Power modules aimed at railways, vehicles, and industrial machinery that require high voltage and large current operation are provided with ceramic circuit boards having semiconductor elements bonded thereon. To facilitate output from ceramic circuit boards to the exterior, it is common to provide copper electrodes such as to protrude to the outside of ceramic circuit boards.
Traditionally, solder is used to bond ceramic circuit boards and copper electrodes, but there is the problem that the heat and vibrations generated when they are used as power modules cause solder to crack, lowering reliability. Consequently, it has become common to use ultrasonic bonding to directly bond metal circuit boards and copper electrodes. Ultrasonic bonding is a technique for integrating the copper plates and copper electrodes of circuit boards by applying ultrasonic vibrations in the lateral direction while copper electrodes impart a vertical load on ceramic circuit boards.
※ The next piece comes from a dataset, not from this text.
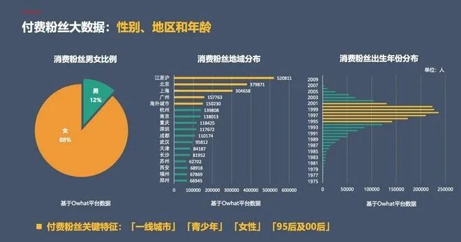 国内最大的明星粉丝互动平台“Owhat”对其用户进行画像,得出4个关键词:“一线城市”、“青少年”、“女性”、“95后及00后”。据“Owhat”数据,女性粉丝占比近九成;90后占粉丝总数90%以上,其中50%为95后;来自一线城市的占比达54.75%,二线城市有19.03,其它城市占26.22%。

Aluminum nitride sintered bodies and silicon nitride sintered bodies having high thermal conductivity are being used as the ceramic substrates employed in ceramic circuit boards in response to the increases in the amount of heat generated that accompany the increasing output and integration of semiconductor elements. In particular, as aluminum nitride substrates have higher thermal conductivity compared with silicon nitride substrates, they are suitable as ceramic circuit boards for mounting electronic components with high heat radiation.
However, the converse of aluminum nitride substrates having high thermal conductivity is that they have low mechanical strength, toughness, etc., so there is the problem of cracks forming in the aluminum nitride board surfaces immediately below the portions bonded via vibration during ultrasonic bonding, resulting in the loss of module reliability. In response to this, the following solution was proposed in order to prevent the generation of cracks in ceramic substrates.
Patent Document 1 provides a way to prevent the occurrence of cracks in ceramic substrates by optimizing the positions at which copper electrodes are bonded using ultrasonic bonding and the joint strength between the copper electrodes and metal circuit boards.
Patent Document 1 JP 2002-164461 A